Роберт Говард Ястребы Утремера

«Вдаль убегает тихая, пустынная дорога.

Отмечена костями человека и зверей.

Какая красота и, может быть, покой

Легли в основу торгового пути Востока!

Падение и взлет династий древних.

Отголоски тысяч войн.

И множество сердец наивных,

Что стали пылью на дороге в Фарс».

— Ванситтар

I. Возвращение

— Стой! — бородатый тяжеловооруженный всадник взмахнул копьем, зарычав, словно злой мастифф. Нужно быть осторожным на дороге в Антиохию. Звезды мерцали красным сквозь густую ночь, и света их было недостаточно для того, чтобы мужчина смог разглядеть человека, чья гигантская фигура маячила в темноте перед ним.

Одетая в броню кисть внезапно метнулась из тьмы и впилась солдату в плечо с такой силой, что онемела вся его рука. Из-под шлема гвардеец увидел блеск свирепых голубых глаз, которые, казалось, метали искры, видимые даже во мраке.

— Святые, сохраните нас! — с трудом выдавил испуганный воин. — Кормак Фицджеффри! Прочь! Возвращайтесь в ад, как хороший рыцарь! Я клянусь вам, сэр…

— Плевать мне на твои клятвы, — проворчал рыцарь. — О чем ты говоришь?

— Вы не бесплотный дух? — прошептал солдат. — Разве вы не убиты мавританскими пиратами на пути к дому?

— О, проклятые боги! — прорычал Фицджеффри. — Считаешь, эта рука похожа на дым?

Он вонзил свои стальные пальцы в руку солдата и усмехнулся мрачно, услышав тихий вой.

— Этого, думаю, достаточно; скажи мне, кто находится в этой таверне.

— Только мой хозяин, сэр Руперт де Вейл, из Руана.

— Отлично, — пробурчал Фицджеффри. — Он один из немногих людей, которых я считаю своими друзьями на Востоке или в каком-нибудь другом месте.

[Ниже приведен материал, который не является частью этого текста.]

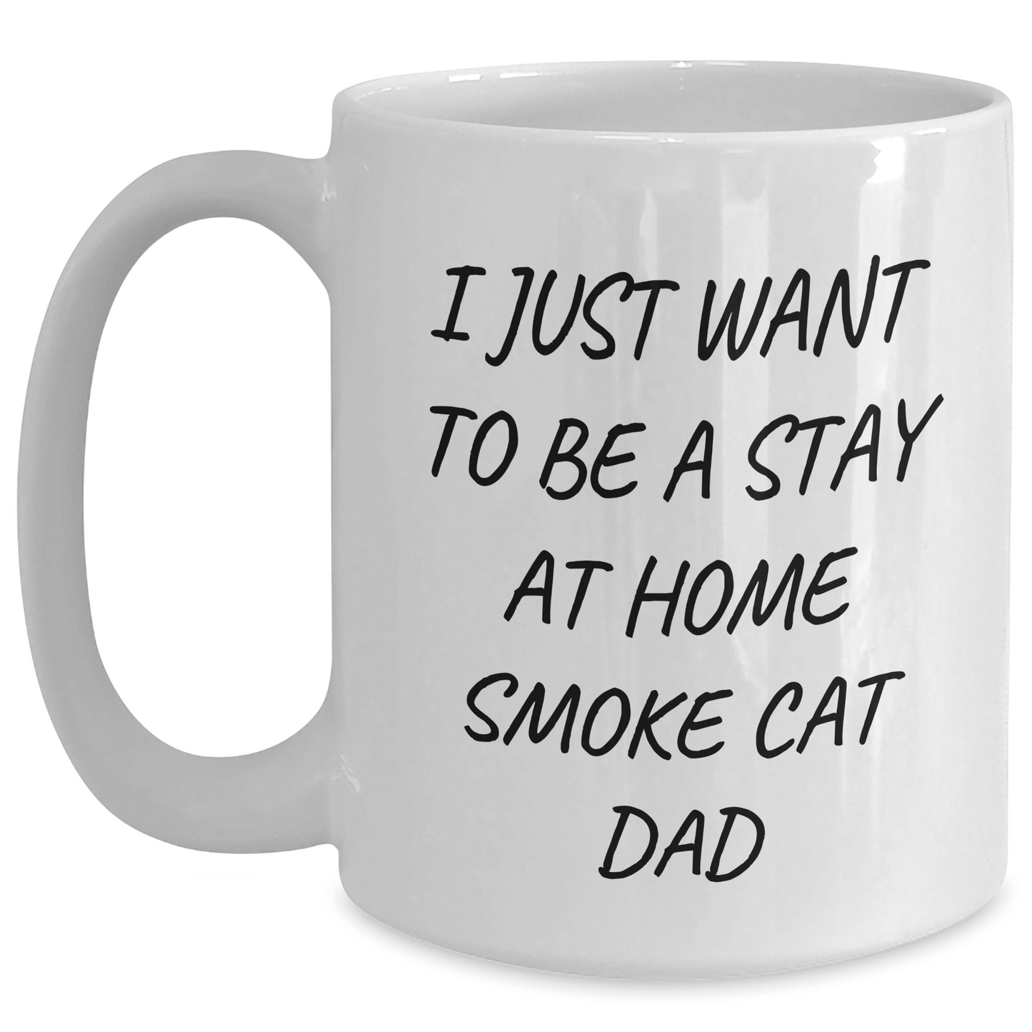- Esta divertida taza de café blanca es una idea de regalo única para cualquier papá de Smoke Cat, lo que la convierte en una excelente opción para el Día del Padre o cualquier otra ocasión.

Большой воин подошел к двери таверны и вошел, ступая легко, словно кошка, несмотря на тяжелые доспехи. Солдат потер руку и посмотрел ему вслед с любопытством, отметив в тусклом свете, что Фицджеффри несет с собой щит с ужасающей эмблемой его семьи — белым оскаленным черепом. Гвардеец знал его давно — бурный характер, дикий боец и всего лишь человек из числа крестоносцев, которые были почитаемы больше самого Ричарда Львиное Сердце[1]. Но Фицджеффри поднялся на корабль, возвращаясь на родной остров, еще до того, как Ричард ушел из Святой Земли. Третий крестовый поход закончился неудачей и позором; большинство франкских рыцарей следовали к дому вместе с королем. Что этот мрачный ирландский убийца делает на дороге в Антиохию?

Сэр Руперт де Вейл, когда-то правитель Руана, а ныне лорд умирающего Утремера[2], повернулся к большой фигуре, возникшей в дверном проеме. Кормак Фицджеффри был выше шести футов на несколько дюймов, но со своими могучими плечами и двумя сотнями фунтов железных мышц он казался несколько ниже. Норманн взглянул на него с удивлением и тут же вскочил на ноги. Его лицо засияло искренней радостью.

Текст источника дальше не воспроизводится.